What parents need to know
Parents Need to Know
Parents need to know that True Detective is an anthology series that structures each new season around a different murder case and the detectives investigating the crime. It plays as decidedly adult pay-cable fare, with dead bodies and bloody injuries, unbleeped swearing ranging from "f--k" to "t-ts," and visible nudity in the form of breasts and buttocks, along with simulated sex. There's social drinking and drug use, too, from prescription pills to crystal meth.
What's the story?
Designed to run as an anthology of individual miniseries, TRUE DETECTIVE devotes each new season to a different case that's being investigated by a different crop of crime solvers. Polar-opposite partners Rust Cohle (Matthew McConaughey) and Martin Hart (Woody Harrelson) star in the series' first season in Louisiana with a search for the twisted mind behind a series of chilling murders, all while they grapple with their own personal demons. The second season shifts to California, where a trio of brooding cops -- Ani Bezzerides (Rachel McAdams), Ray Velcoro (Colin Farrell), and Paul Woodrugh (Taylor Kitsch) -- come together to solve a disturbing crime.
Is it any good?
Named in homage to a popular true-crime rag that debuted in the 1920s, True Detective isn't necessarily a period piece, although it does play with chronological structure via a series of flashbacks that bounce viewers back and forth between decades. It's definitely not a traditional crime drama either, thanks to creative choices that set it apart from competing crime shows and, in the end, make for smart, cerebral TV that's as challenging as it is chilling.
One of those choices is the decision to center each season on a separate murder case, involving different characters and casts from year to year, similar in structure to American Horror Story. That makes it hard to predict what kids will see on-screen -- and whether a new season will be as good as its predecessors. But judging from the show's first two seasons, it's a sure bet that adults are the intended audience.
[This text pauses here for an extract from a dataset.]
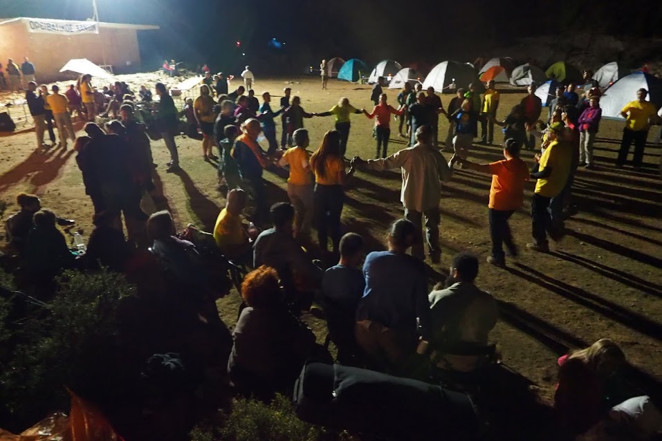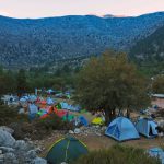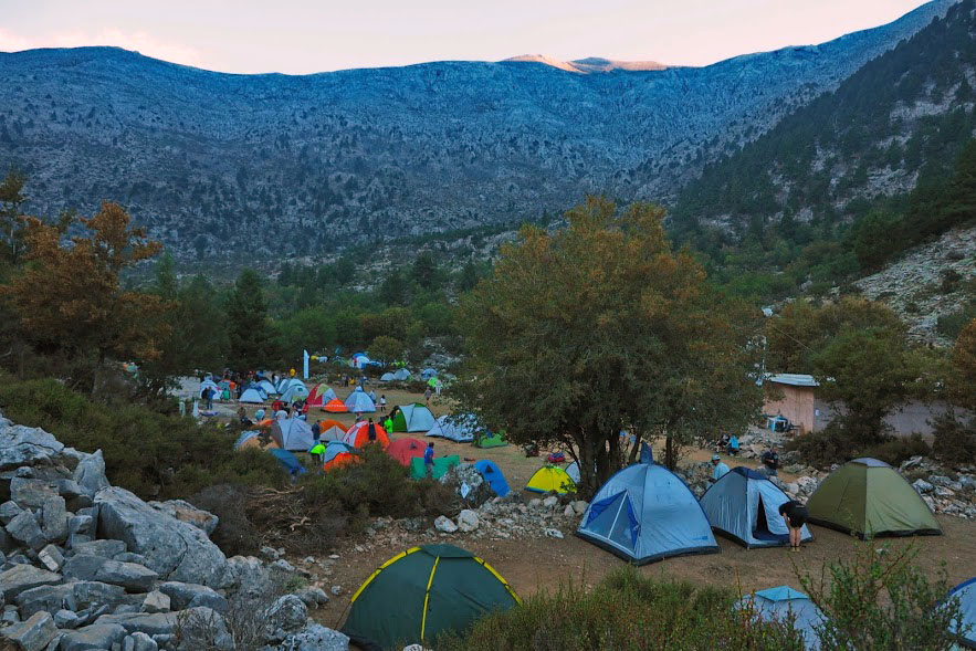 On Saturday we reach the camping site after a two-hour-hike. Our baggage is transferred in trucks. Later there are gretings and gift exchange between the Clubs. Then dinner and a fest follow. We spend the night in tents in Agios Konstantinos, at 1360m a.s.l.

Families can talk about...
Families can talk about the messages True Detective sends about good and evil, crime and punishment, and human nature, particularly in terms of criminals and the law-enforcement agents who bring them to justice. How do the main characters measure up as role models?
How does True Detective compare to the slew of crime dramas currently on television. From storytelling to cinematography, what things does this series do differently -- and do they work?
How does True Detective play with traditional structure? What are the pros and cons of its anthology approach that devotes each new season to a different case and a different set of characters?